I know nothing is the same between the two, but the performance of 2.2.1 was noticably less than the performance of 2.1.3. I get barely satisfactory results with 2.1.3, and I can't get 2.2.1 to run well enough to use. My concert has 9 instruments running on some patches, and 5 guitar pro with bass patches, plus three audio channels and 8 output channels. It takes up 1.1GB of my 4GB memory. It sounds awesome when it works!

Mar 4, 2012 7:26 PM in response to Madddcow

I can't give an apples to apples comparison on CPU/RAM usage between 2.2.1 vs 2.13, as I upgraded everything at the same time (computer, OSX, and MS version). But if usage doubled between versions on the same setup, as in madcow's case, how and why would that be happening? Its not like the application added a lot of powerful features. I would expect it to get more efficient with bug fixes, based on the number of complaints. Maddening indeed!


And I agree with dhjdhj: reliability is #1. This is a live performance application; its not like you're sitting at home with no one listening or caring if you have to restart your application.

Mar 4, 2012 8:02 PM in response to dingdangdawg

Reliability can be managed. Keeping CPU usage under control is one of the more direct ways to control it.


2.2.1 uses twice as much CPU on my machine as 2.1.3. I like the improvement in the concepts on 2.2.1, and if they can find the problem and get the CPU usage reduced (hopefully below 2.1.3) that will be a great thing. Until then, I have to use 2.1.3.

I wonder how the other brands, Ableton, Max, and even Logic, keep the usage down...

Mar 4, 2012 9:26 PM in response to rc tech

Maybe. I've developed an environment for myself that was originally designed to give me the same functionality as MainStage but at this point has gone much further.
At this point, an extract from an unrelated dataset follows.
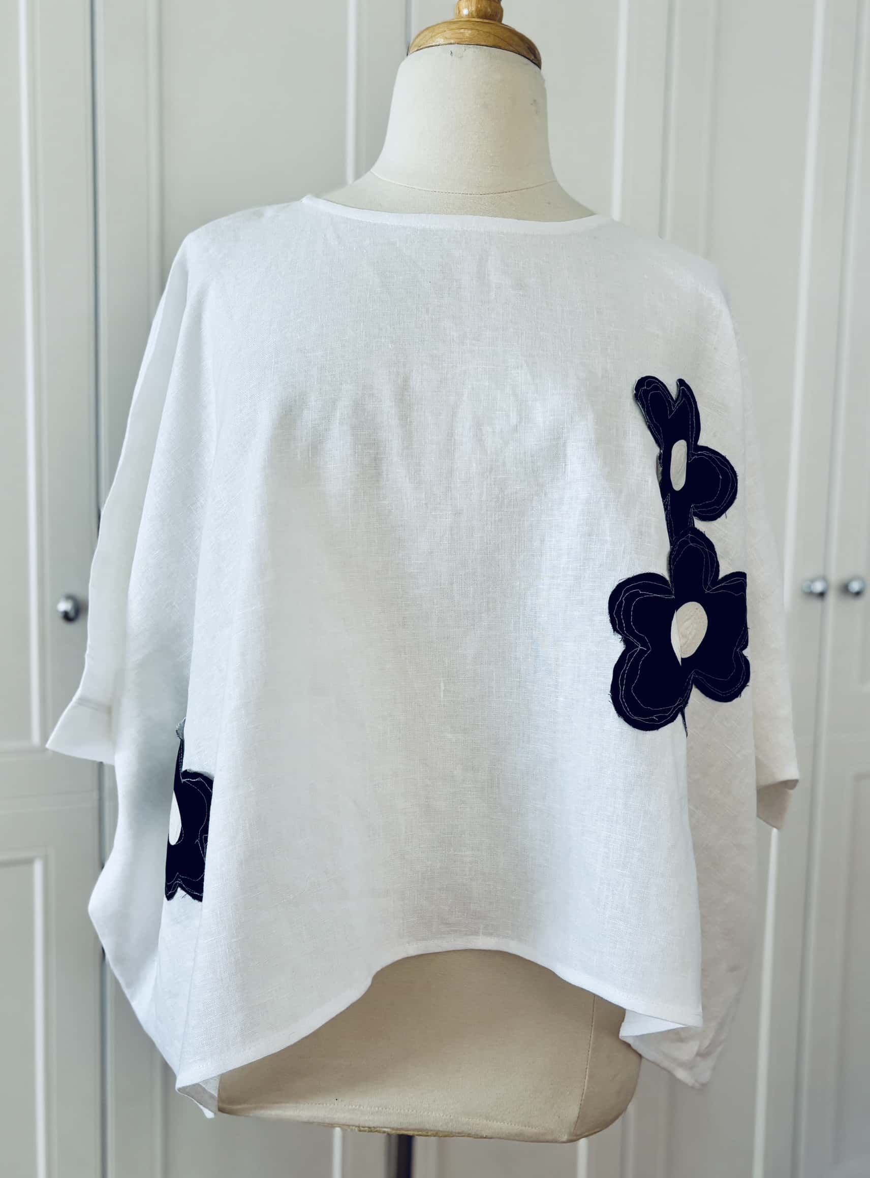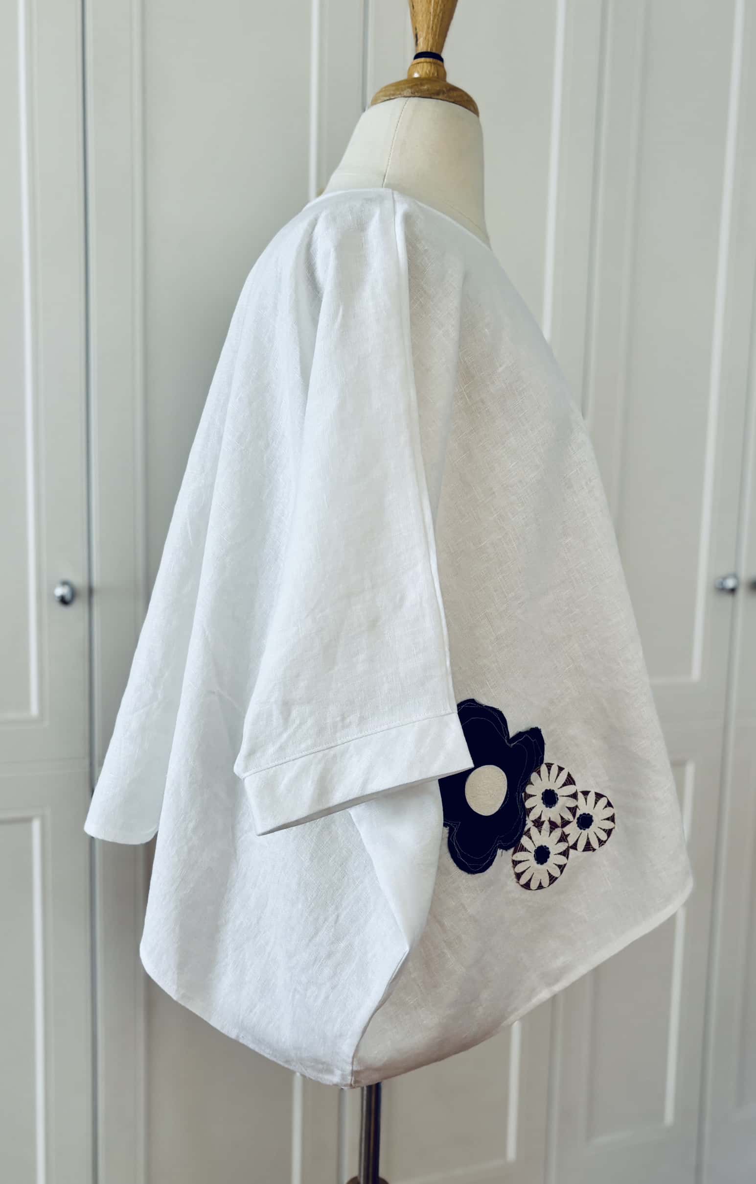 One-of-a-kind – only one available in this exclusive colorway. 100% winter white linen with black and brown flowers free motion stitching embellishment.

It's not as pretty as MainStage and you need to have MaxMSP installed to use it but I've used it now in three live gigs as well as numerous rehearsals and it has been 100% reliable.


I've implemented the same kind of indirection so that basically any physical knob,slider, or pedal can be mapped to an an arbitrary parameter of a VST


An old version is already available but I plan to replace that with my latest version in the near future as soon as I'm done with the latest tweaks.